The runtime currently prepares several context sources concurrently during prompt assembly, including:
- session memory
- capability resolution
- prompt-pack context
- scoped-memory recall
- prefetched skill context
This keeps memory useful without making prompt assembly fully serial.
| Without memory | With OmicsClaw memory |
|---|---|
| Repeating the same project background every turn | Session memory restores durable context |
| Losing project-specific caveats between commands | Scoped memory keeps workspace-local heuristics |
| Losing user output preferences | Preferences can be remembered and reused |
| No lineage between earlier and later analysis steps | Graph memory preserves relationships |
| Large workspaces forcing all context into prompt text | Memory keeps durable state outside raw transcript history |
OmicsClaw ships with a memory dashboard frontend plus a REST API backend.
The API server runs through the OmicsClaw CLI:
pip install -e ".[memory]"
oc memory-server
# or: make memory-serverBy default the API listens on 127.0.0.1:8766.
If you want to bind it to a non-local interface, you must also set OMICSCLAW_MEMORY_API_TOKEN.
cd frontend
npm install
npm run devBy default the dashboard runs on port 3000.
Open:
http://localhost:3000
You can use it to:
- search memories
- browse graph relationships
- inspect session and dataset nodes
- review stored lineage and metadata
ssh -N -L 3000:localhost:3000 -L 8766:localhost:8766 <user>@<remote-host>Then open http://localhost:3000 locally.
Common environment variables:
OMICSCLAW_MEMORY_DB_URL- database URL, for example
sqlite+aiosqlite:///bot/data/memory.db
- database URL, for example
OMICSCLAW_MEMORY_API_TOKEN- bearer token for the REST API when exposing it beyond localhost
- also protects
/docsand/openapi.jsonwhen enabled
OMICSCLAW_MEMORY_HOST- optional bind host, default
127.0.0.1
- optional bind host, default
OMICSCLAW_MEMORY_PORT- optional API port override
import asyncio
from omicsclaw.memory import MemoryClient, SessionContext
async def main():
client = MemoryClient("sqlite+aiosqlite:///bot/data/memory.db")
await client.boot()
context = SessionContext(domain="session", path="user123/analysis_run")
await client.remember(
context=context,
name="pipeline_result",
content={"status": "success", "artifact": "output/result.h5ad"},
metadata={"skill": "spatial-preprocess"},
)
result = await client.recall(context, "pipeline_result")
search_results = await client.search(context, query="pipeline_result")
print(result, search_results)
asyncio.run(main())from omicsclaw.memory import write_scoped_memory
record = write_scoped_memory(
body="Use Harmony before clustering for this project.",
title="Project integration default",
scope="project",
workspace="/path/to/workspace",
)
print(record.path)Interactive CLI and TUI sessions expose scoped-memory management through slash-command support in omicsclaw/interactive/_memory_command_support.py.
That lets users:
- list local memory
- write new scoped-memory notes
- switch active scope
- inspect the effective memory context for the current session
The prompt/runtime guardrails expect memory to be used conservatively.

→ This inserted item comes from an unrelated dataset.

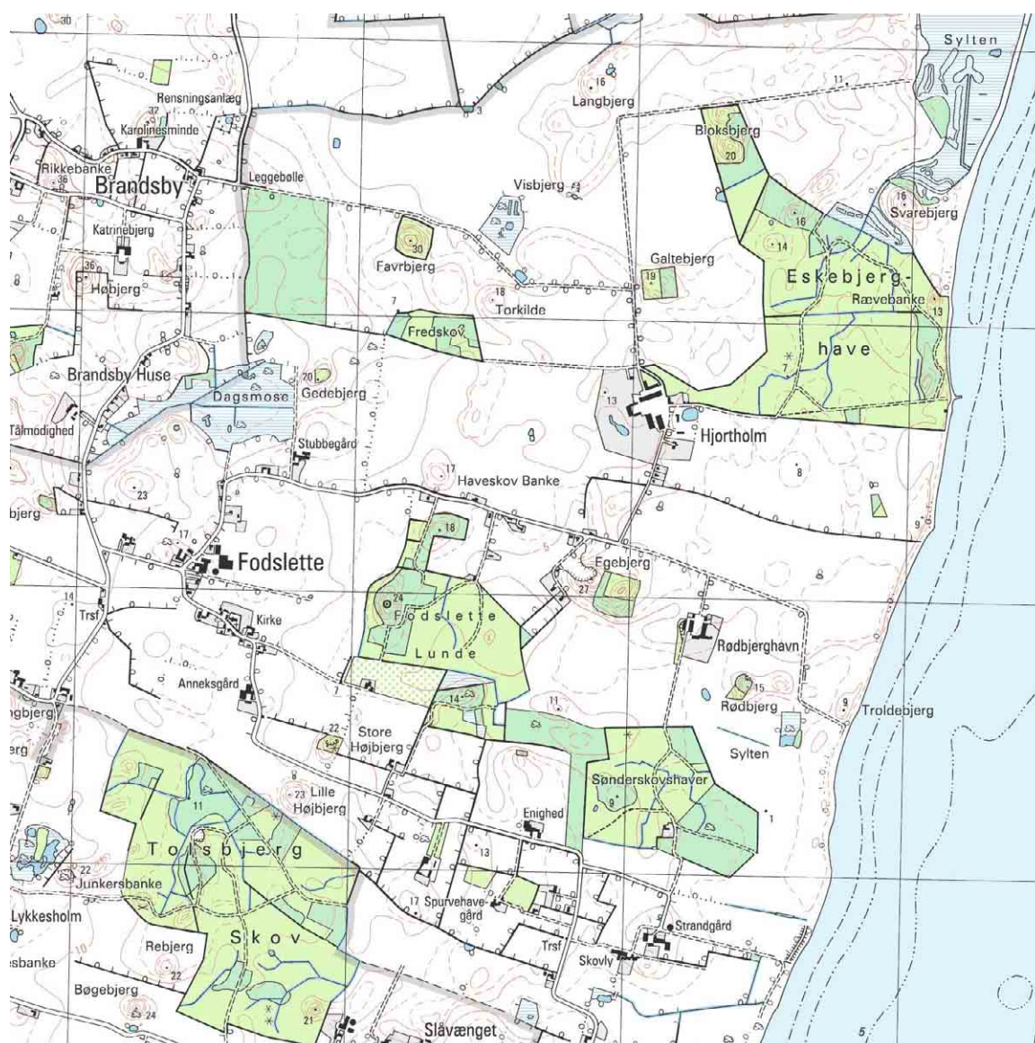
Kortudsnit i mål 1:25.000

Fodslette, Hjortholm og Rødbjerghavn i den sydøstlige del af Langeland ligger i et østfaldende område med jævn, leret bundmoræne med strøg af hatbakker, hvoraf Høgebjerg på 36 m er den højeste. Ved kysten findes skovpartier og vådområder vekslede med klinter og marint forland (udligningskyst).

Good candidates for memory:
- stable preferences
- confirmed scientific or workflow context
- durable project conventions
- verified analysis lineage
Bad candidates for memory:
- secrets
- raw patient identifiers
- temporary file paths copied from transient environments
- one-off failures
- speculative annotations
Older bot memory integrations are still supported through compatibility layers such as CompatMemoryStore, which map older interfaces into the graph-memory backend.
OmicsClaw's memory model is intentionally layered:
- graph memory for durable, cross-session knowledge
- scoped memory for local workspace knowledge
The runtime can selectively recall both layers and inject only the relevant summaries into prompt context, which is what makes the system useful without letting memory dominate prompt budget.